Find four examples of horizontal and four examples of vertical lines. The line should be prominent and ideally be the first thing the viewer would see. Make note of the different ways in which horizontal and vertical lines appear to the eye and the camera.
Canon EOS 650D with EF 18-200mm f/3.5 lens; Leica X1 24mm.
In redoing this exercise I made more of an effort to find horizontal lines that weren’t too literal. I looked for images where the horizontal line was clearly identifiable, but was at least in part brought out by the composition that I chose. Once my eyes were opened to this concept, I did manage to find four examples where the horizontal line is visible.
Now onto the verticals:
Second time around I was looking out for examples where the vertical aspect of the image was clearly evident, without it being simply a photo of a vertical line. I am happier with this second attempt, as these are all photos of something (rather than abstract lines) but the vertical element is clearly identifiable.
What I’ve learned:
The learnings are broadly the same as my first go at this exercise, so I will repeat them here.
I’ve learned that horizontal and vertical lines are everywhere, once you start seeking them out.
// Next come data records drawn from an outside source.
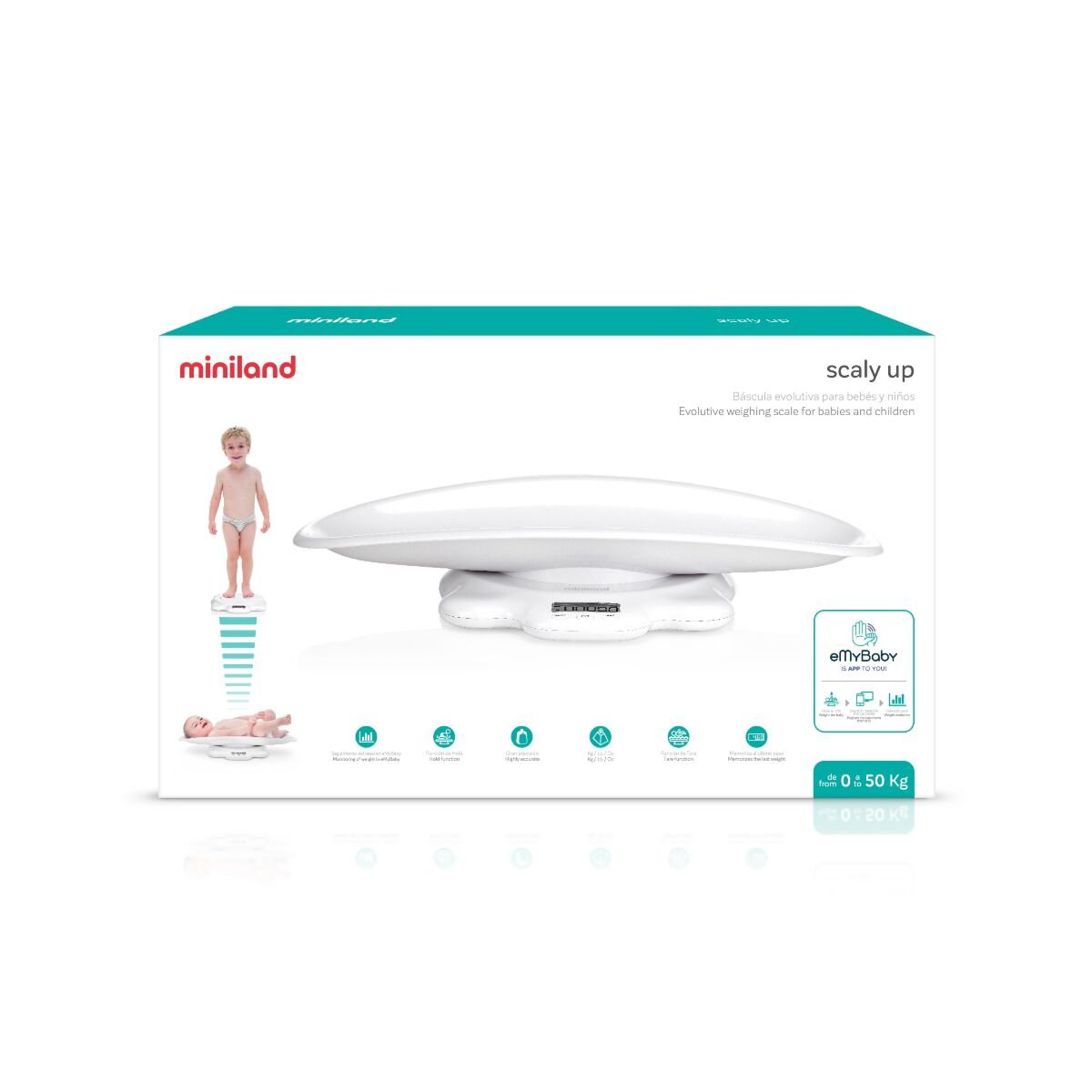 ¡De bebé a niño, el peso siempre controlado! scaly up es una báscula evolutiva con la que podrás controlar el peso de tu bebé en todas las etapas de crecimiento de forma precisa gracias a sus 2 bandejas intercambiables y sus funciones de hold y tara. Regístrate en la app eMyBaby e introduce manualmente todas las mediciones para llevar el seguimiento de tu bebé.
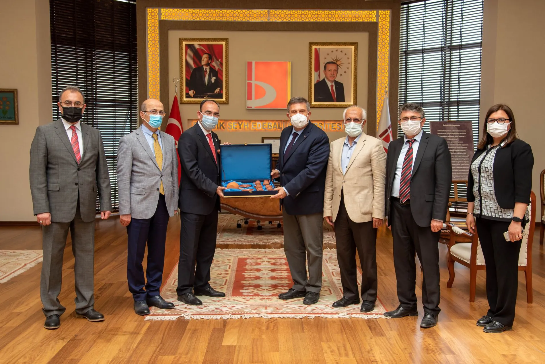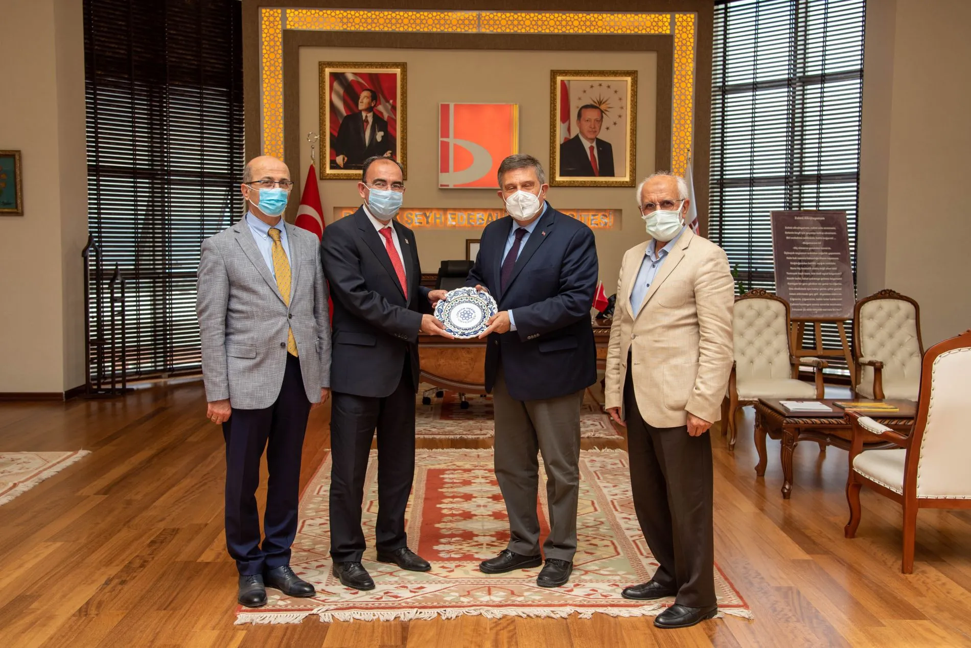 Bilecik Şeyh Edebali Üniversitesi Rektörü Prof. Dr. Şükrü Beydemir'in daveti üzerinde üniversitemiz Rektörü Bülent Gümüşel, Rektör Yardımcısı Prof. Dr. Metin Yıldırımkaya, Tıp Fakültesi Dekanı Prof. Dr. Mehmet Doğanay, Tıp Fakültesi Prof. Dr. Muhammet Güven, ve Genel Sekreter Prof. Dr. İsmet Şahin Tıp Fakültesi morfoloji binasının teknik donanım ihtiyacının değerlendirilmesi toplantısına katıldı.
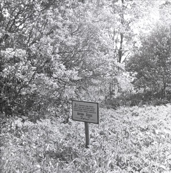 Artūra Zēģeles dzimtās mājas: Plāksne piestiprināta pie mieta, fonā egļu mežs, koki, krūmi. Artūrs Zēģele (1896-1920)
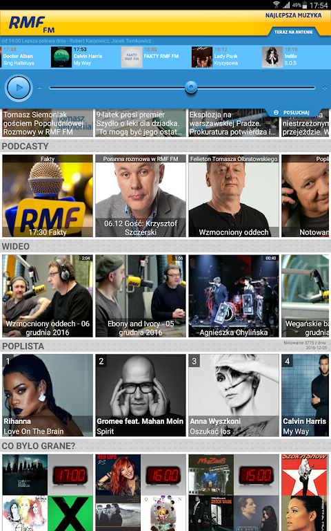 RMF FM Radio is the most listened to radio station in Poland, delivering modern media technology and world-class solutions. Our FM radio signal is available via over 50 terrestrial transmitters, satellite platforms, cable networks, and online radio streaming.
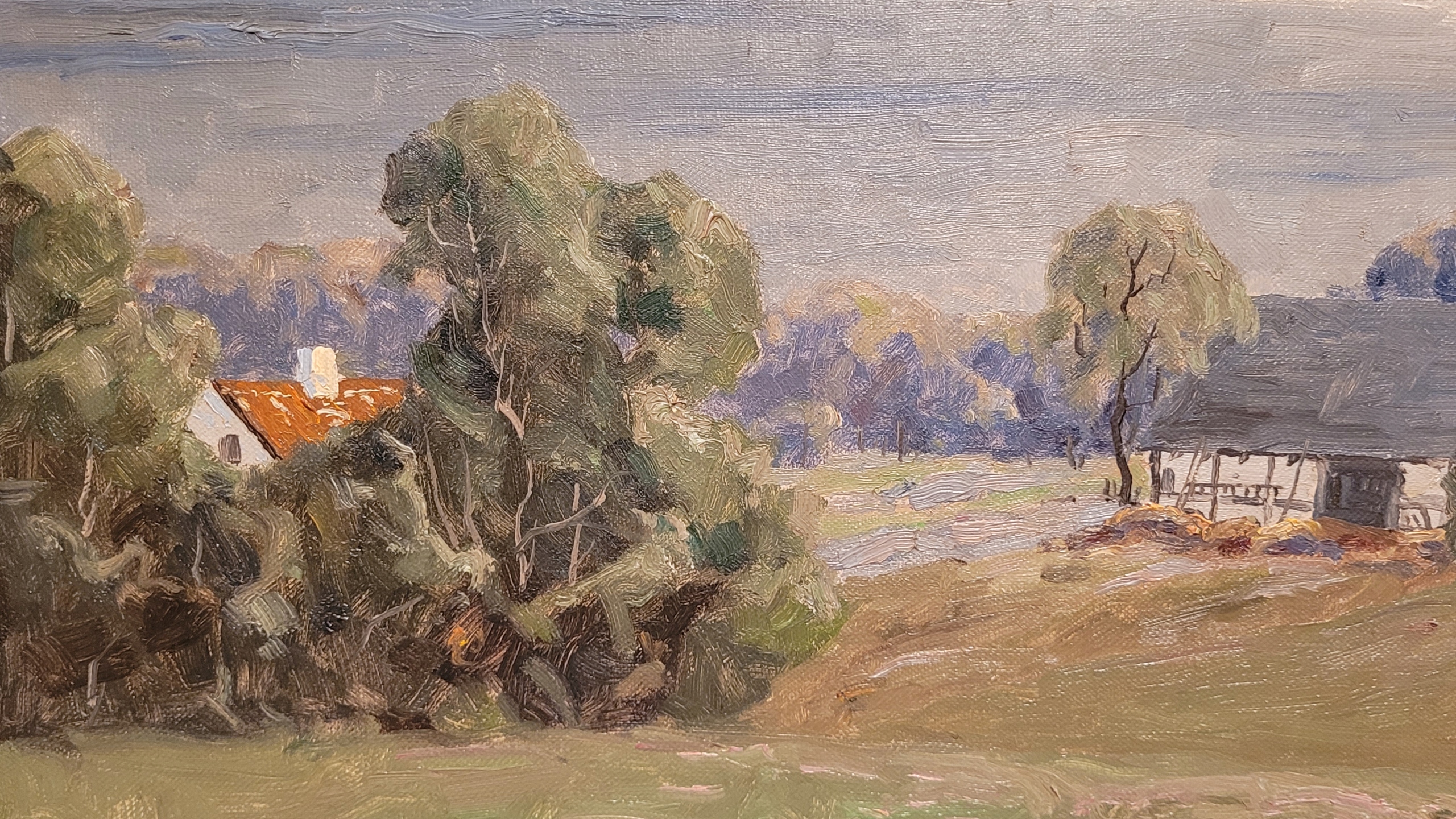 Предмет продажи - красивая, старинная картина маслом «ПЕЙЗАЖ С ЗАЛИВОМ».
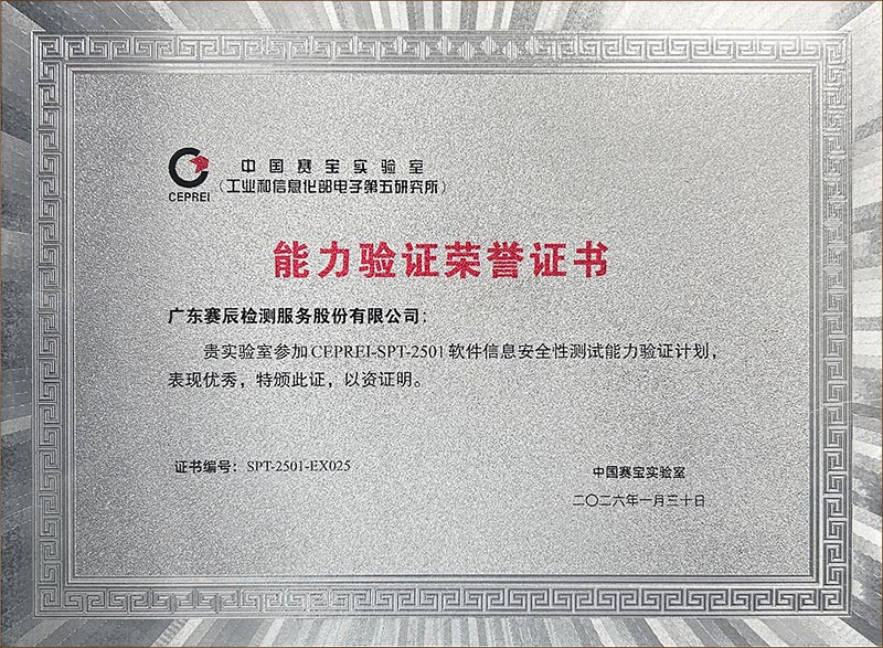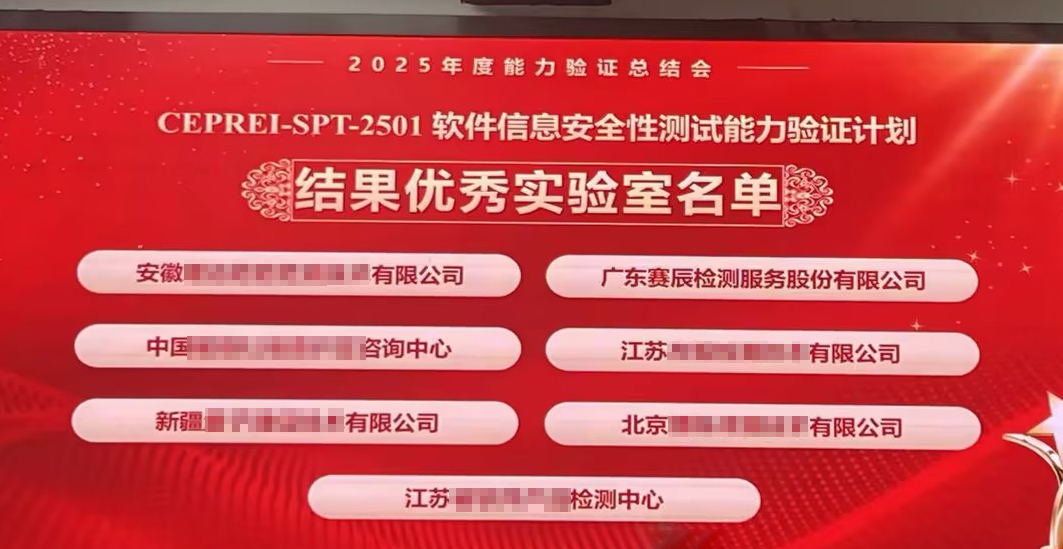 廣東賽辰檢測服務(wù)股份有限公司(簡稱"賽辰")憑借扎實(shí)的技術(shù)實(shí)力、規(guī)范的測試流程和穩(wěn)定的質(zhì)量管理水平,在CEPREI-SPT-2501軟件信息安全性測試能力驗(yàn)證中嚴(yán)格按照能力驗(yàn)證要求制定測試方案,編寫測試用例并反復(fù)驗(yàn)證,對測試結(jié)果進(jìn)行科學(xué)分析,獲得評審專家的高度認(rèn)可,以優(yōu)異成績脫穎而出,榮評"2025年度軟件信息安全性測試能力優(yōu)秀實(shí)驗(yàn)室"稱號。

They aren’t always easy to isolate and make the central element in an image, but when they are, the resultant images can have an appealing simplicity and solidity.
Horizontal line images seem ‘heavier’, more grounded, especially when the line is in the lower portion of the image. They exhibit a stillness that can be quite calming.
Vertical line images also have this static quality to them, but not in exactly the same way. The vertical lines that literally come up out of the ground (the tree, the tower) have an implied solidity to them. I found the vertical images to divide the frame more, as maybe I naturally read images from left to right; the line stops the natural flow of the eye from left to right and marks a transition point in the image.